Collected data entries:
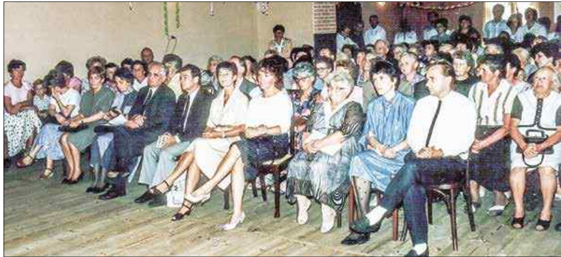
Festyn nadania ulicom nazw Eichendorff i Hauptstocka odbył się w sali, która została wybudowana w miejscu starej karczmy

Później Eichendorff pracował w Królewcu. Miejsce to bardzo mu
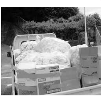
▲エコキャップで世界にワクチンを

この環境教育に積極的に取り組んでいる学校の中から、町田市立小山田小学校の取り組みについて紹介します。
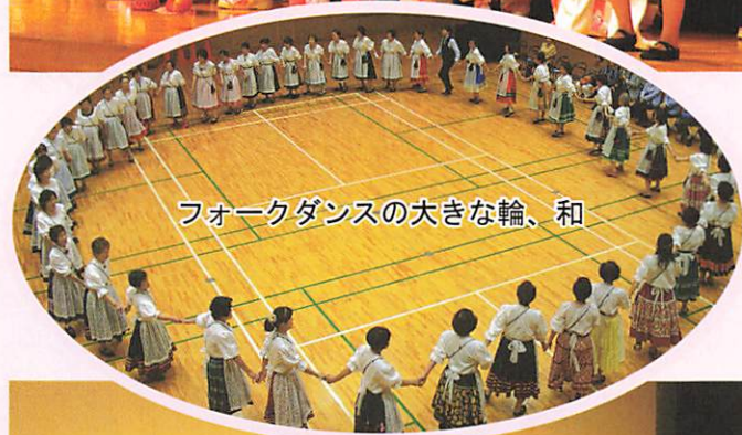
フォークダンスの大きな輪、和
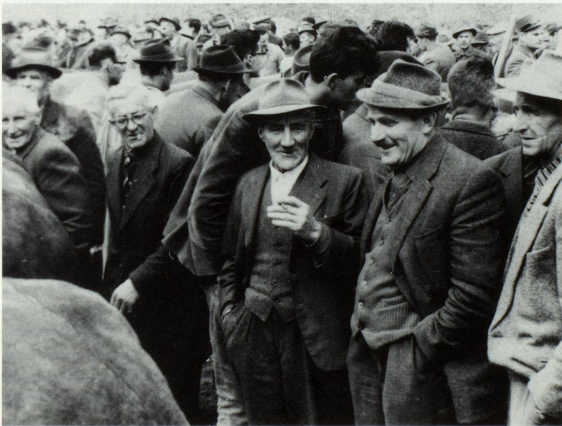
In ambient preferiu: Il specialist el center denter bia gliued ad exposiziuns da biestga

Basta cun quei vess jeu; jeu vess aunc giu, liu risdar enzatgei sur da quei ch'jeu erel cun, ch'jeu erel aunc fumegl cun quei pur cheu a Lumbrein. E quei che plascheva a mi il meglier, cura ch'jeu erel cun quei pur, era igl unviern cu nus eran sin quels cuolms e pervesevan. La sera gnevan nus lu ensemen e fagevan empau legher e devan empau jass e risdavan si da quei e risdavan si da tschei. Basta, ina sera ei lu era in vischin gnus lu era tier mei a vitg e sche ha el lu era entschiet risdar: ier sera hagi el giu propi in curios cass. El vevi ... la caussa era ida schia, gie: el eri ius si quella sera a perver, sco el scheva e pervesiu tochen tier il mulscher e lu per sesez veva el quels vadials e la galeida vevi el giu mess en sut letg. E lu cura che el ha giu da mulscher, eis 6 el lu tunschiu en per la galeida e grad pegliu ella miarda da gat.
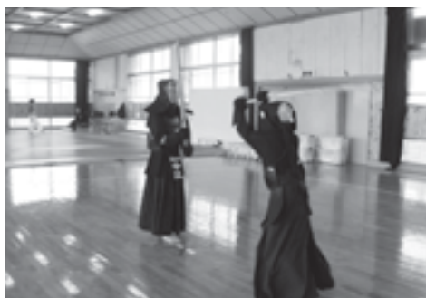
椎田中学校校部活動の様子

ある程度場所が決まれば、猛スピードで建設まで持っていきたい。今までに前例のない設計施工で建設ができるような方向性にもって行きたいと考えています。
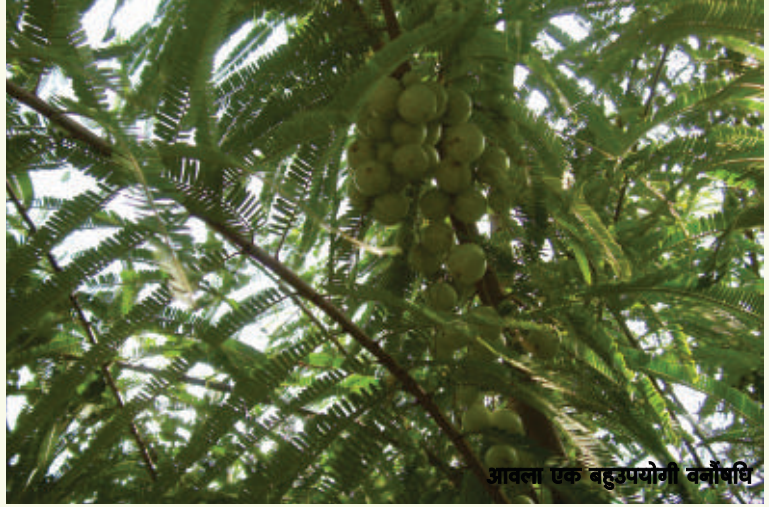
आवला एक बहुउपयोगी वनोपधि

24. LFkkuh; tul epk; dh I fØ; Hkxhnhkj }kj k ikdfrd ouksea0; kol kf; d , oavkSk/kh; egRo dh iztkfr; ka dh I rr-fonsgu rduhd dk fu/kkj .k , oafodkl A
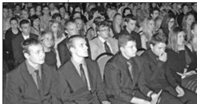
Devátáci poslouchají proslov starosty.
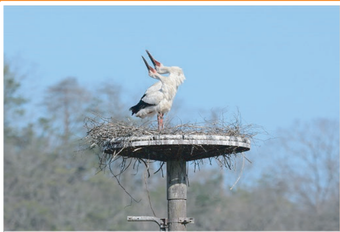
コウノトリってどんな鳥？
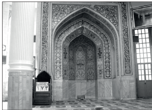
۴۰۲. مسجد ابوذر
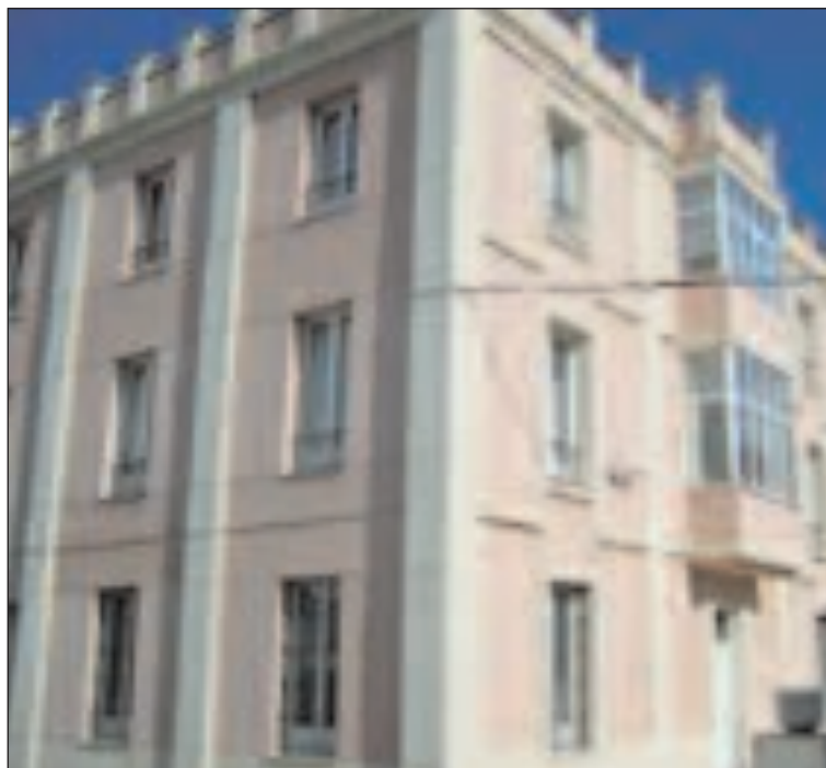
La Casa Molina está incluida en la recalificación solicitada por Famosa

Las contraprestaciones sociales que Famosa aporta todavía no han sido reveladas aunque en breve está previsto que la compañía muñequera y el
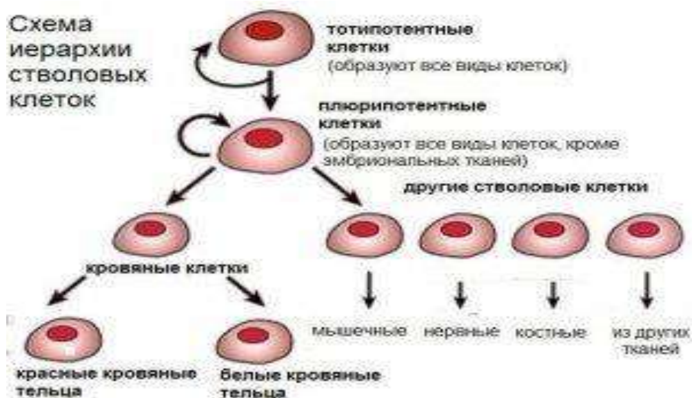
Рис. 6. Тотипотентность стволовых клеток

Эти уникальные свойства стволовых клеток костного мозга и дают возможность все с большим успехом внедрять и применять метод регенерации для восстановления различных органов или их функций. Свойство стволовых клеток превращаться (специализироваться) в любую клетку организма называют тотипотентностью
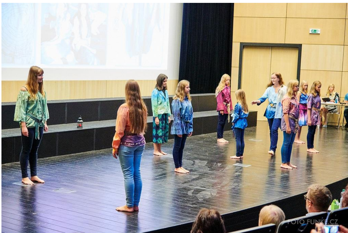
Kolekce Textilní hrátky, 2. místo v kategorii Tvoříme nejen z textilu
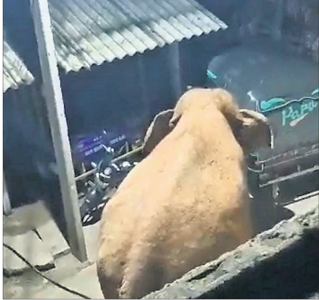
ଅନୁଗୋଳ ବନଖଣ୍ଡ ଅନ୍ତର୍ଗତ କୁମ୍ଭିରିସିଂହା ଗ୍ରାମରେ ରବିବାର ଗୋଠଛତା ଦଣ୍ଡା ଆଡ଼କ ଦେଖାଦେଇଛି। ରାତି ପ୍ରାୟ ୮ଟାରେ ଏକ ଦଣ୍ଡା ପଲୁ ଅଲଗା ହୋଇ ଜନସମୂହରେ ପଶିଛି।

ଅଭିଯୋଗ ପୂର୍ଣ୍ଣ ଠକେଇ ଅଭିଯୋଗରେ ଗିରଫ ହୋଇଥିଲେ। ଏହାପରେ ନିଜର ଠକେଇ ସାମ୍ରାଜ୍ୟ ପରେ ଠକେଇ ଅଭିଯୋଗ ଆସିବା ପରେ ଠକେଇ ଠକେଇ ଅଭିଯୋଗରେ ଗିରଫ ହୋଇଥିଲେ।
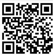
Video: Anfahrt aus der Hafencity
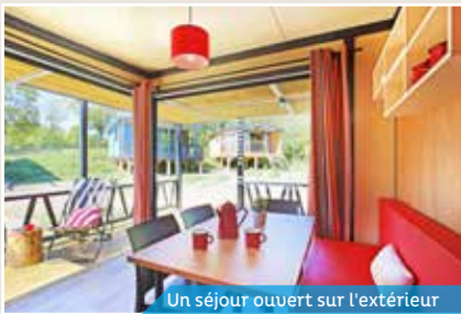
Un séjour ouvert sur l'extérieur
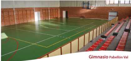
Gimnasio Pabellón Val
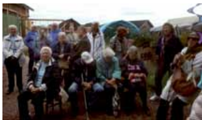
Vi lyssnar på PÅ, silversmeden.
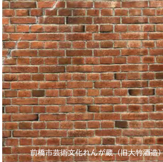
前橋市芸術文化れんが蔵（旧大竹酒造）
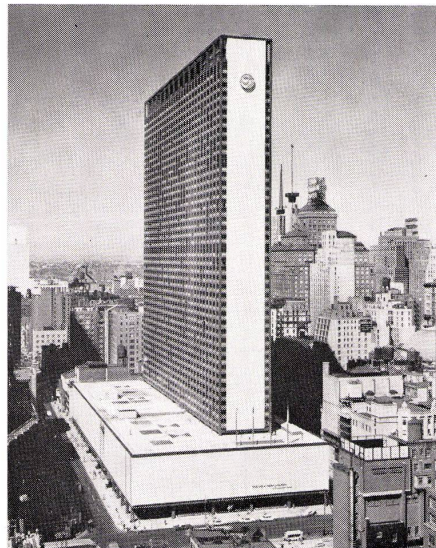
1 Hilton, New York, von William Tabler.

Nun gibt es Stimmen, welche die für ein Großstadthotel als angemessen beschriebene Atmosphäre nicht als zeitgemäß anerkennen und die soziale Funktion des Hotels in unserer Gesellschaft anders definieren. Sie sehen in einem solchen Hotel vor allem eine praktische Einrichtung, deren Hauptfunktion es ist, die physischen Ansprüche des Reisenden zu befriedigen: ihm schnell ein bequemes Bett in einem ruhigen Zimmer oder ein gutes Essen in einem reibungslos funktionierenden Restaurant zu bieten, hygienische Sauberkeit und die letzten Errungenschaften der modernen Technik. Es wird als Begründung dieser Einstellung das Argument ins Feld geführt,

* WORK REQUEST
Each line above with the word "Famosa" needs to be copied.

* THE COMPLETED TASK
La Casa Molina está incluida en la recalificación solicitada por Famosa
Las contraprestaciones sociales que Famosa aporta todavía no han sido reveladas aunque en breve está previsto que la compañía muñequera y el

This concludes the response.